┌──

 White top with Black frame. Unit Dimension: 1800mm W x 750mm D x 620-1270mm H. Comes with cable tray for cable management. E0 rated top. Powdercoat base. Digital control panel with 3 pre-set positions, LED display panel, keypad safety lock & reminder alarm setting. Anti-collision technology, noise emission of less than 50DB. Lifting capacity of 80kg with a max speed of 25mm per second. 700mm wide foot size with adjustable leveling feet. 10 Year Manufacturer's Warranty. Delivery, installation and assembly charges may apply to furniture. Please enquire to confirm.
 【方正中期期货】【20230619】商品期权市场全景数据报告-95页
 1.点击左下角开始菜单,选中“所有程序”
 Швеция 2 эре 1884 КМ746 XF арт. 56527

└──
┌──

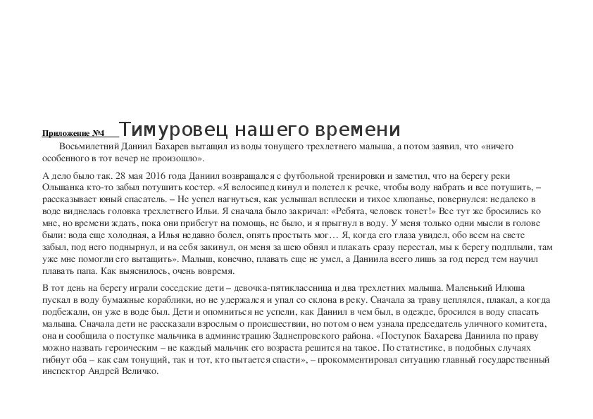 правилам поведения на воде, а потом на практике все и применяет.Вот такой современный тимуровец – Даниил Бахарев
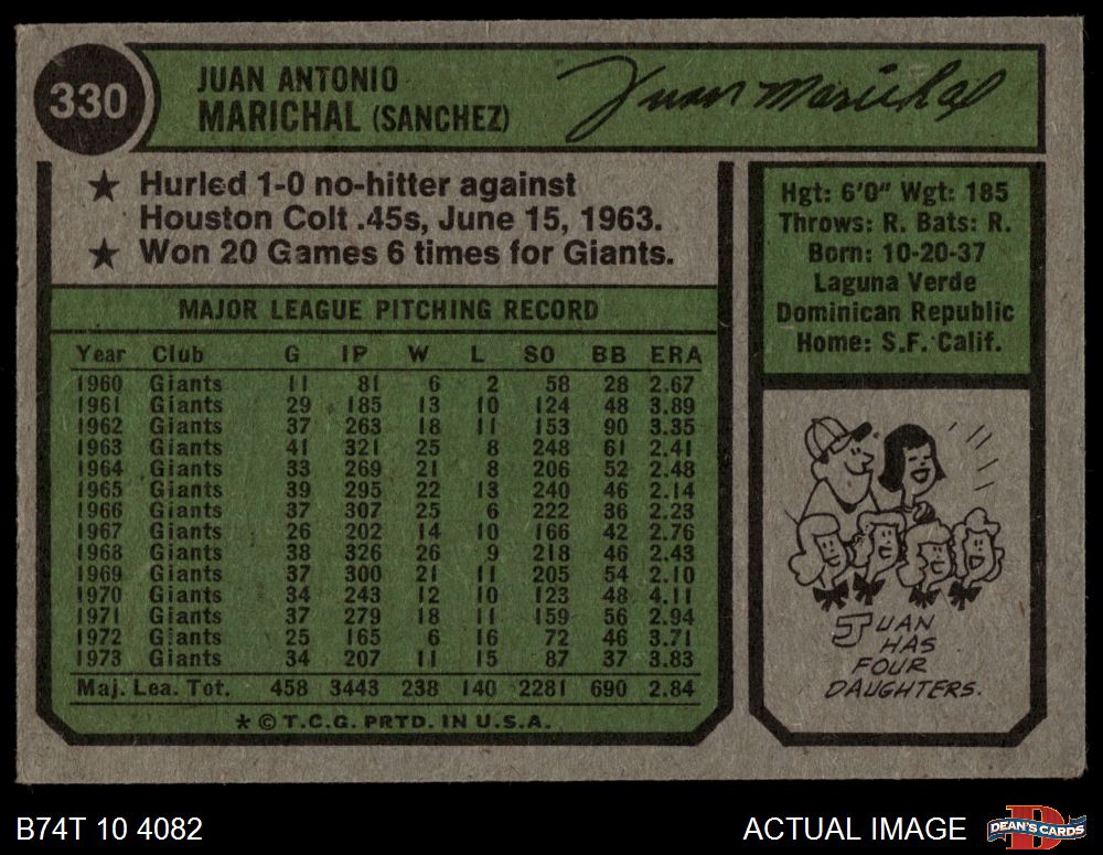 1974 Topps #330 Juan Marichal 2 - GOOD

└──
┌──

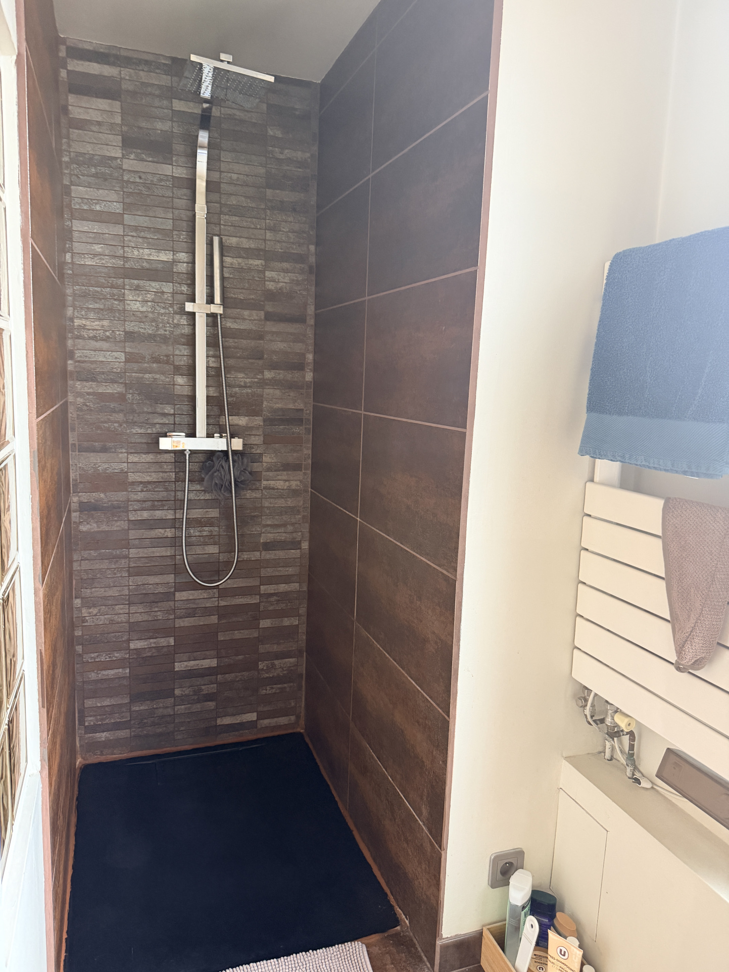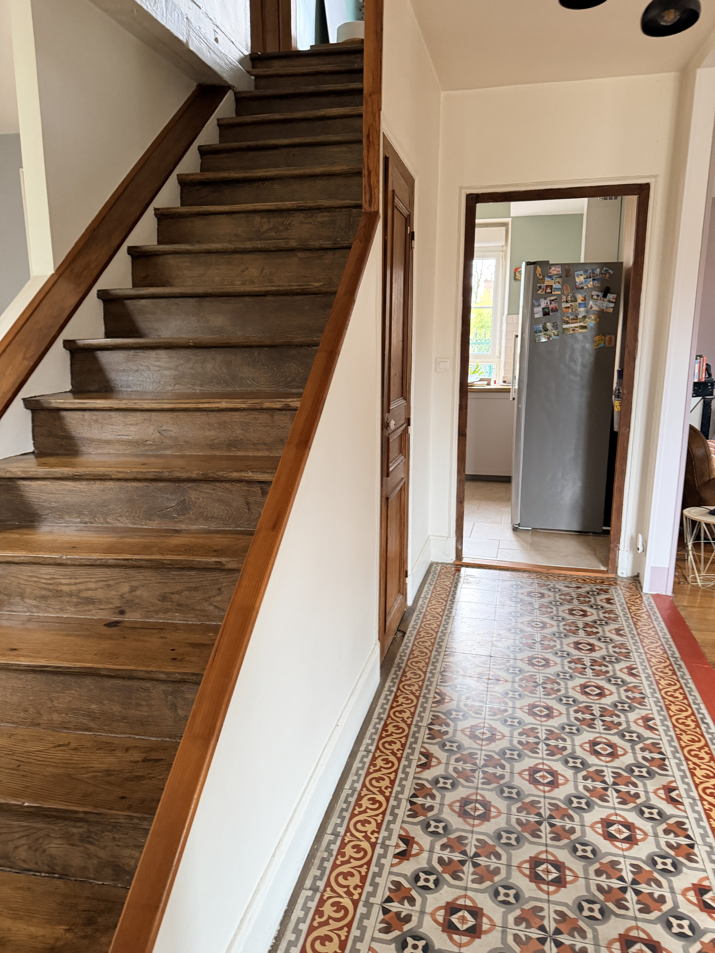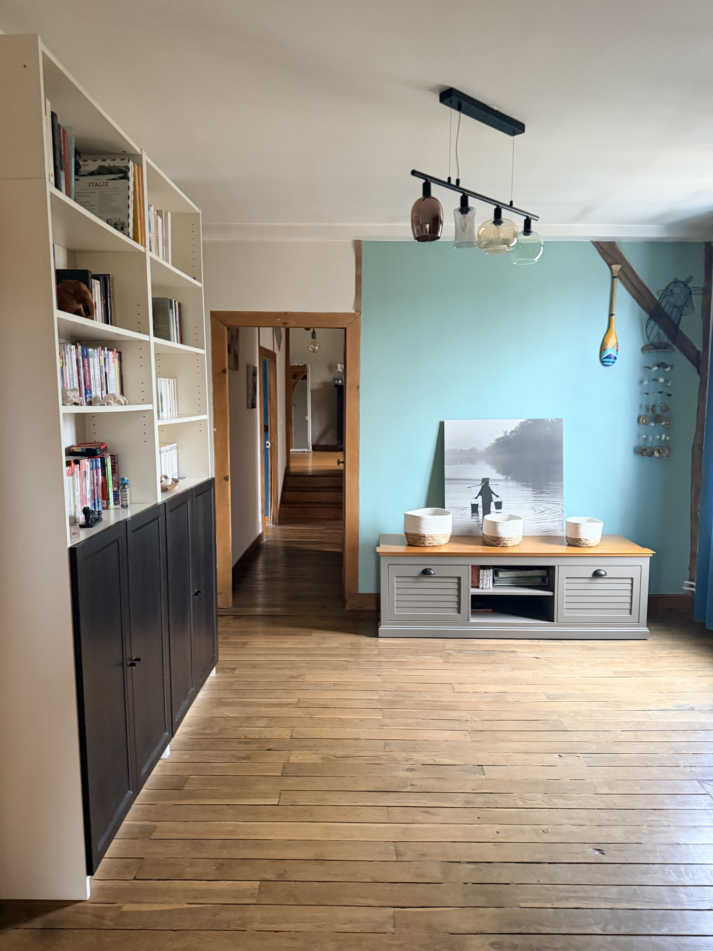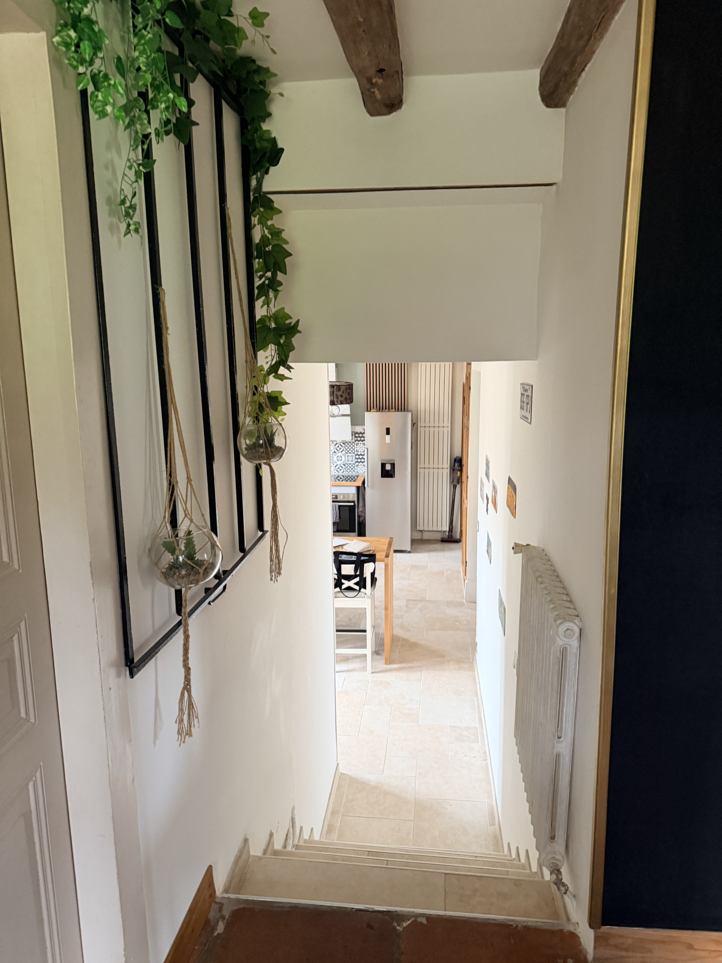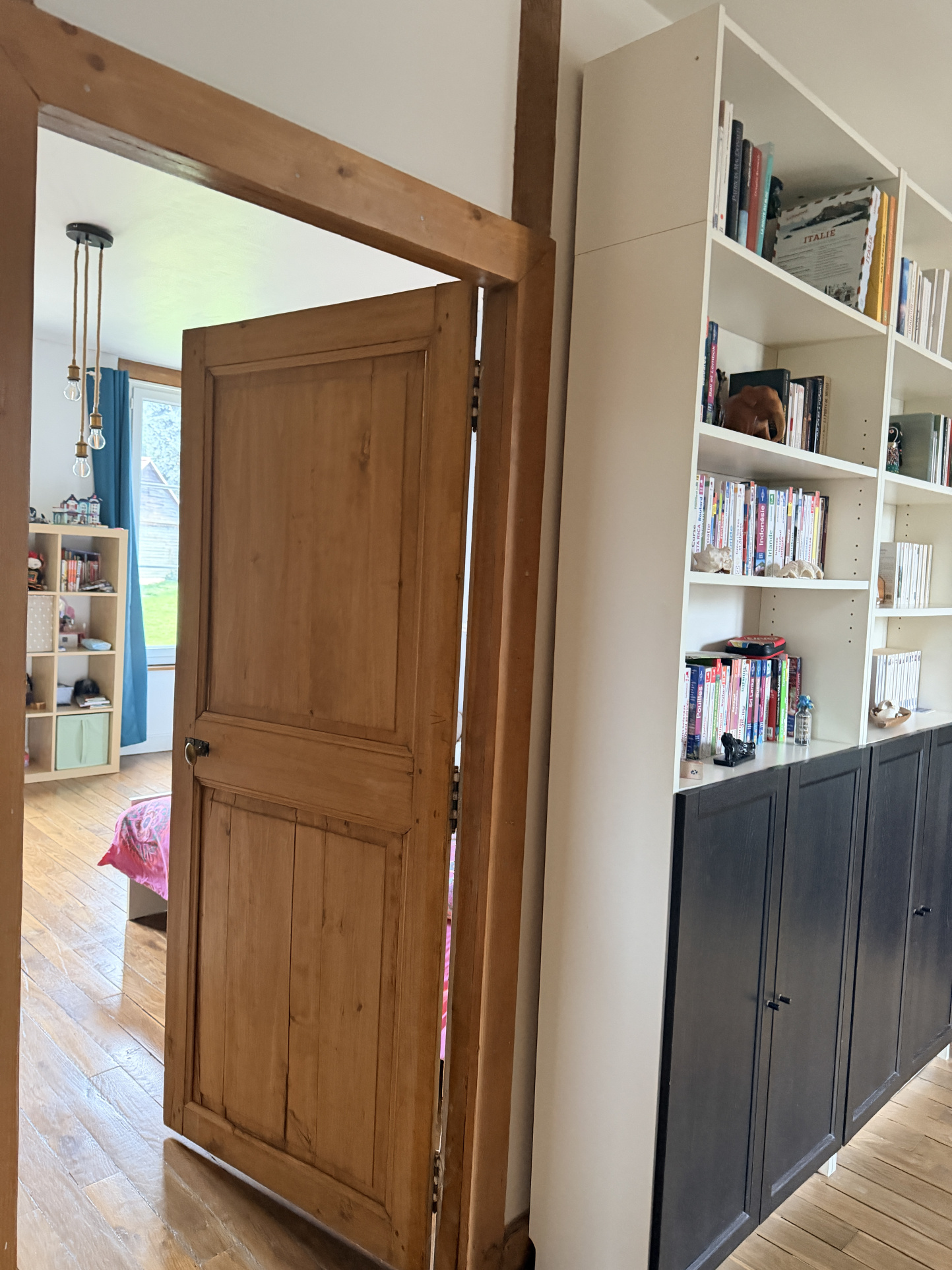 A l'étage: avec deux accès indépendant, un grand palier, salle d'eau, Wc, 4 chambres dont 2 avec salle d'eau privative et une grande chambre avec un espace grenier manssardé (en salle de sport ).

└──

The problem |
In the listing above, transcribe exactly everything from the line containing "White top with" down to the line containing "Швеция 2 эре 1884 КМ746 XF арт. 56527", including both and nothing more.

Answer to this exercise |
 White top with Black frame. Unit Dimension: 1800mm W x 750mm D x 620-1270mm H. Comes with cable tray for cable management. E0 rated top. Powdercoat base. Digital control panel with 3 pre-set positions, LED display panel, keypad safety lock & reminder alarm setting. Anti-collision technology, noise emission of less than 50DB. Lifting capacity of 80kg with a max speed of 25mm per second. 700mm wide foot size with adjustable leveling feet. 10 Year Manufacturer's Warranty. Delivery, installation and assembly charges may apply to furniture. Please enquire to confirm.
 【方正中期期货】【20230619】商品期权市场全景数据报告-95页
 1.点击左下角开始菜单,选中“所有程序”
 Швеция 2 эре 1884 КМ746 XF арт. 56527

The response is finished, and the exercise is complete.